▶ _EXERCISE REQUIREMENTS_:
Write out again, word for word, the lines below from the line that holds "La premiazione del" through the line that holds "Finish: Midnight Bronze", omitting pictures.

▶ _SOURCE DATA_:
>>>

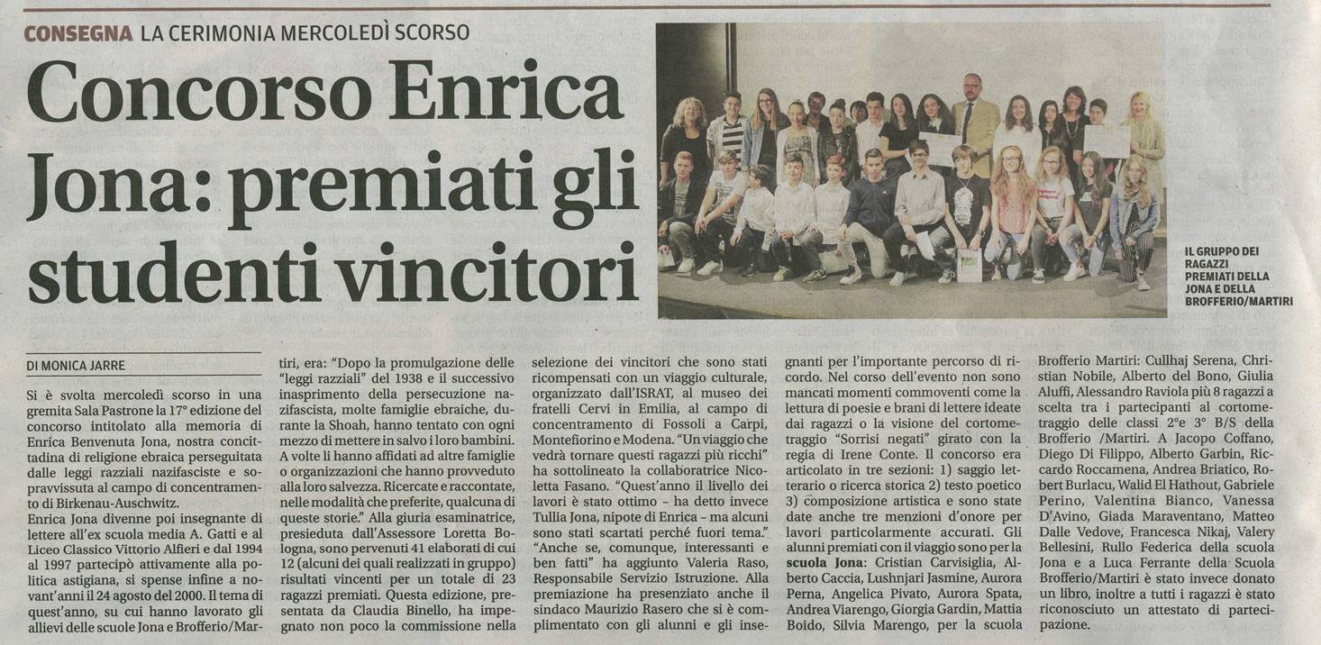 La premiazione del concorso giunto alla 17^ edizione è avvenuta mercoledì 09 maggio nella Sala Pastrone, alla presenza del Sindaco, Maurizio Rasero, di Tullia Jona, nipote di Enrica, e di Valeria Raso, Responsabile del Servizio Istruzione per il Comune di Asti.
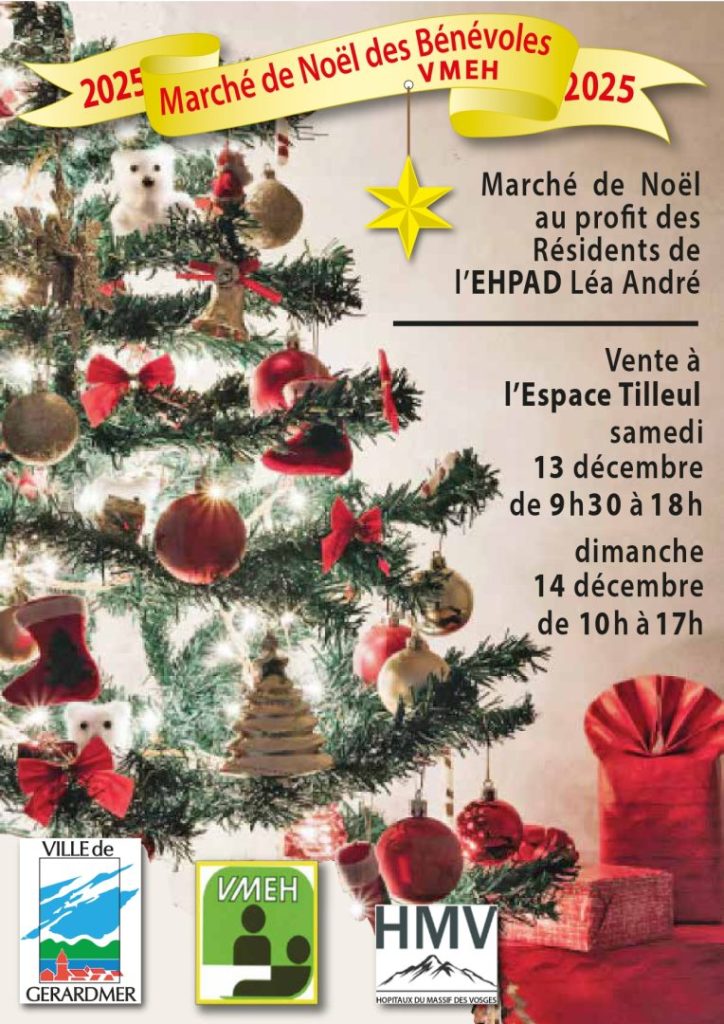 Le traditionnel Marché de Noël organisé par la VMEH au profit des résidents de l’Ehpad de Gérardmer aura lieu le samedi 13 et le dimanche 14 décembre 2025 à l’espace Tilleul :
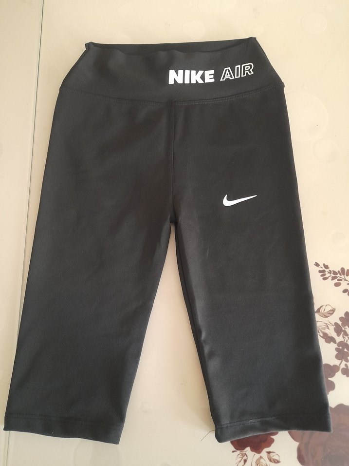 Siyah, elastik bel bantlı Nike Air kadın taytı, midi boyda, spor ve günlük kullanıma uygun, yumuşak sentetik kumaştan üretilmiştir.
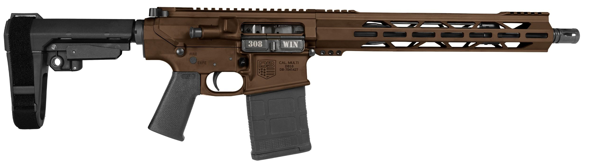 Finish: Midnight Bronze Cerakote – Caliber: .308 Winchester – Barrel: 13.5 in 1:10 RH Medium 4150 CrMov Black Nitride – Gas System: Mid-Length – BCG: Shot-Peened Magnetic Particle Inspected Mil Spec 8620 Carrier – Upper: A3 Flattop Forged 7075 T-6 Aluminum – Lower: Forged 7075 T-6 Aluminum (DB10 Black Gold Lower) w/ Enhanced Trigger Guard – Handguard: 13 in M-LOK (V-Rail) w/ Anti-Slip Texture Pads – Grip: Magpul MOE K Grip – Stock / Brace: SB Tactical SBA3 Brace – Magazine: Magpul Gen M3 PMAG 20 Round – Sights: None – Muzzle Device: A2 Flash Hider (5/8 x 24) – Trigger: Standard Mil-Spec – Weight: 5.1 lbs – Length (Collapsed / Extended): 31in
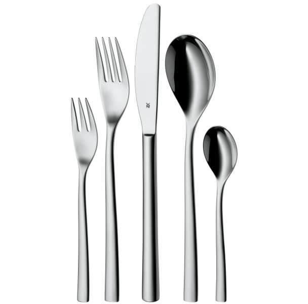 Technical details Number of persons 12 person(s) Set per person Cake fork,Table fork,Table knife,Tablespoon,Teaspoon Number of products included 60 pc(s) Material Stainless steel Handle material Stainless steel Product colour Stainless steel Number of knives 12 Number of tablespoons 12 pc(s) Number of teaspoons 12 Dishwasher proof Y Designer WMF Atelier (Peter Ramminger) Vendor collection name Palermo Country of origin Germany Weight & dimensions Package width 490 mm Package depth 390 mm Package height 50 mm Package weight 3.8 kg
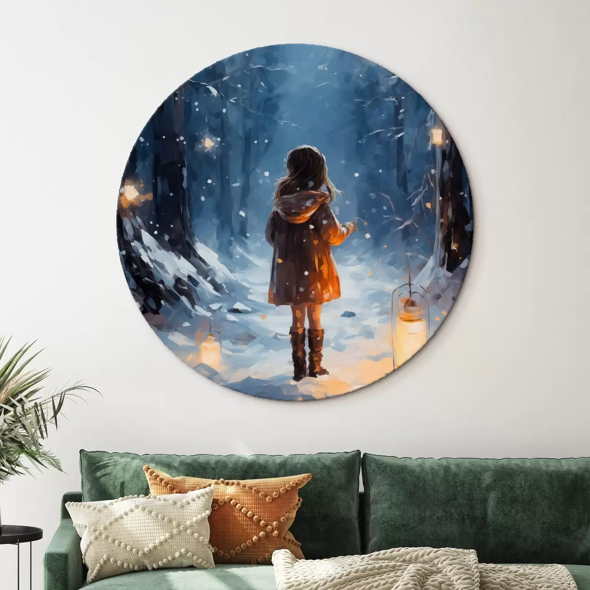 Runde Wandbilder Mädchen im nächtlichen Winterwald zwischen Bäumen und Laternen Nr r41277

<<<
>>>

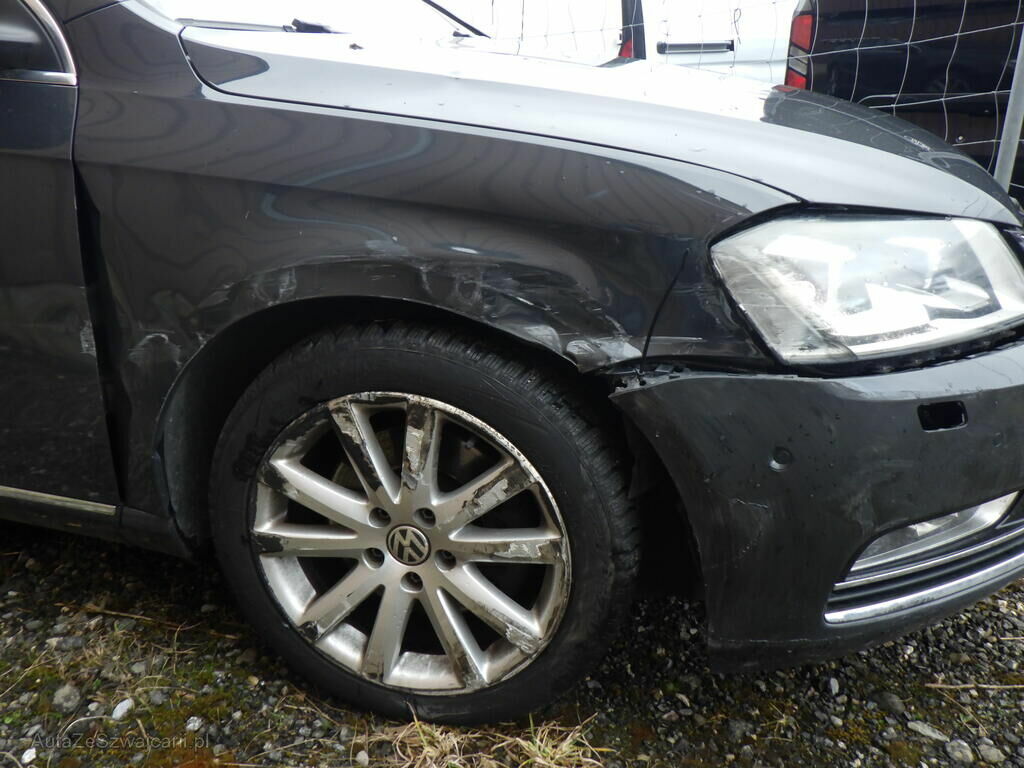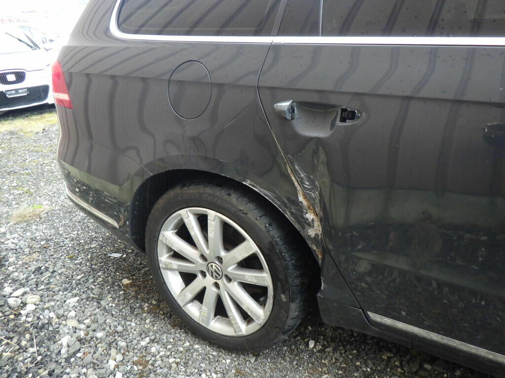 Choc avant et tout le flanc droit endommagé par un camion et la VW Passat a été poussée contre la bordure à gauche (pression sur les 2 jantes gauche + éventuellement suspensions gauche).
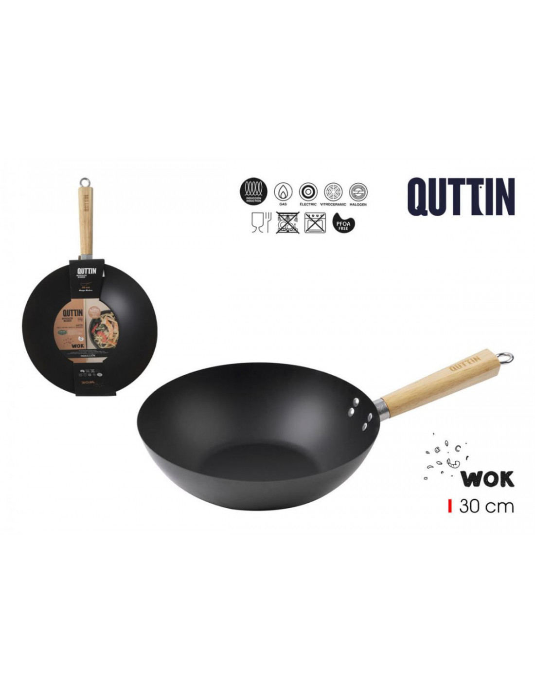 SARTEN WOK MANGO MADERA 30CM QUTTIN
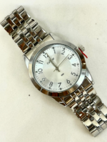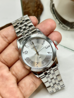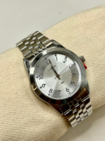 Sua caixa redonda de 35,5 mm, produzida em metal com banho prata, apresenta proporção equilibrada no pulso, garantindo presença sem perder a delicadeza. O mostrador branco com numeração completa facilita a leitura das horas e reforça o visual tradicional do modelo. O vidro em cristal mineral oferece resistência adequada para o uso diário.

<<<
>>>

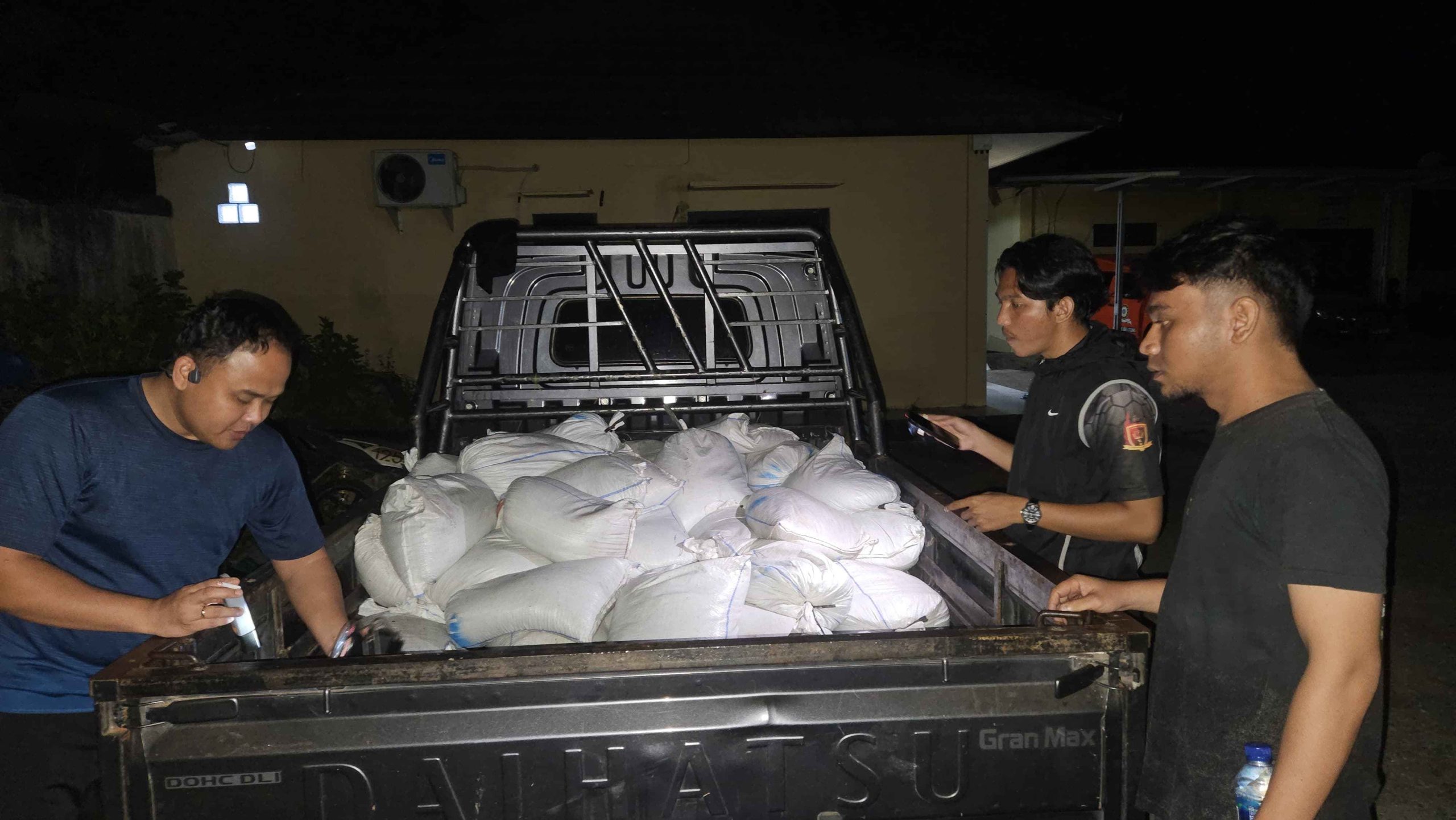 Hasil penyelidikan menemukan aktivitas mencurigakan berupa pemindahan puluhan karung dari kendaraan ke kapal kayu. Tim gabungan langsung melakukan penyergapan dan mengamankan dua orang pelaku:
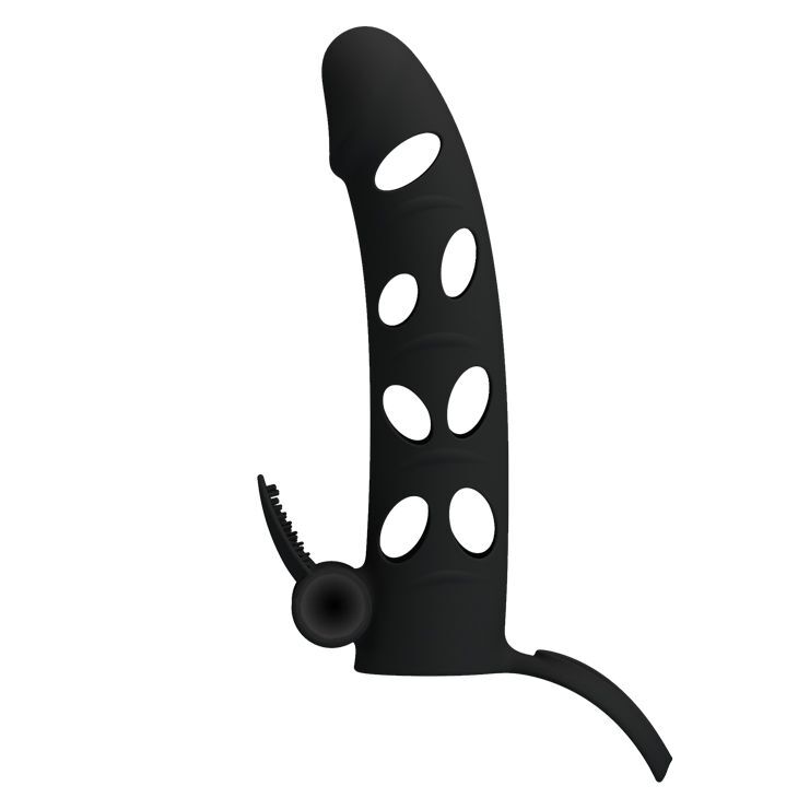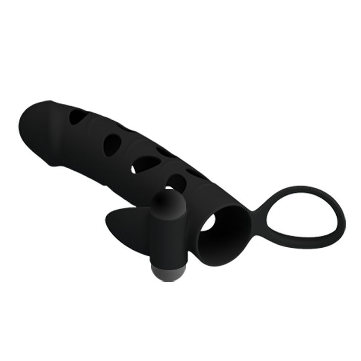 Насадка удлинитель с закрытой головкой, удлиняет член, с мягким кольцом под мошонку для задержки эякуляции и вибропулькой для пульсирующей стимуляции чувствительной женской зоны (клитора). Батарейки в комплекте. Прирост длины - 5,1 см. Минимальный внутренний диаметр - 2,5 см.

<<<

▶ _RESPONSE TO THE TASK_:
 La premiazione del concorso giunto alla 17^ edizione è avvenuta mercoledì 09 maggio nella Sala Pastrone, alla presenza del Sindaco, Maurizio Rasero, di Tullia Jona, nipote di Enrica, e di Valeria Raso, Responsabile del Servizio Istruzione per il Comune di Asti.
 Le traditionnel Marché de Noël organisé par la VMEH au profit des résidents de l’Ehpad de Gérardmer aura lieu le samedi 13 et le dimanche 14 décembre 2025 à l’espace Tilleul :
 Siyah, elastik bel bantlı Nike Air kadın taytı, midi boyda, spor ve günlük kullanıma uygun, yumuşak sentetik kumaştan üretilmiştir.
 Finish: Midnight Bronze Cerakote – Caliber: .308 Winchester – Barrel: 13.5 in 1:10 RH Medium 4150 CrMov Black Nitride – Gas System: Mid-Length – BCG: Shot-Peened Magnetic Particle Inspected Mil Spec 8620 Carrier – Upper: A3 Flattop Forged 7075 T-6 Aluminum – Lower: Forged 7075 T-6 Aluminum (DB10 Black Gold Lower) w/ Enhanced Trigger Guard – Handguard: 13 in M-LOK (V-Rail) w/ Anti-Slip Texture Pads – Grip: Magpul MOE K Grip – Stock / Brace: SB Tactical SBA3 Brace – Magazine: Magpul Gen M3 PMAG 20 Round – Sights: None – Muzzle Device: A2 Flash Hider (5/8 x 24) – Trigger: Standard Mil-Spec – Weight: 5.1 lbs – Length (Collapsed / Extended): 31in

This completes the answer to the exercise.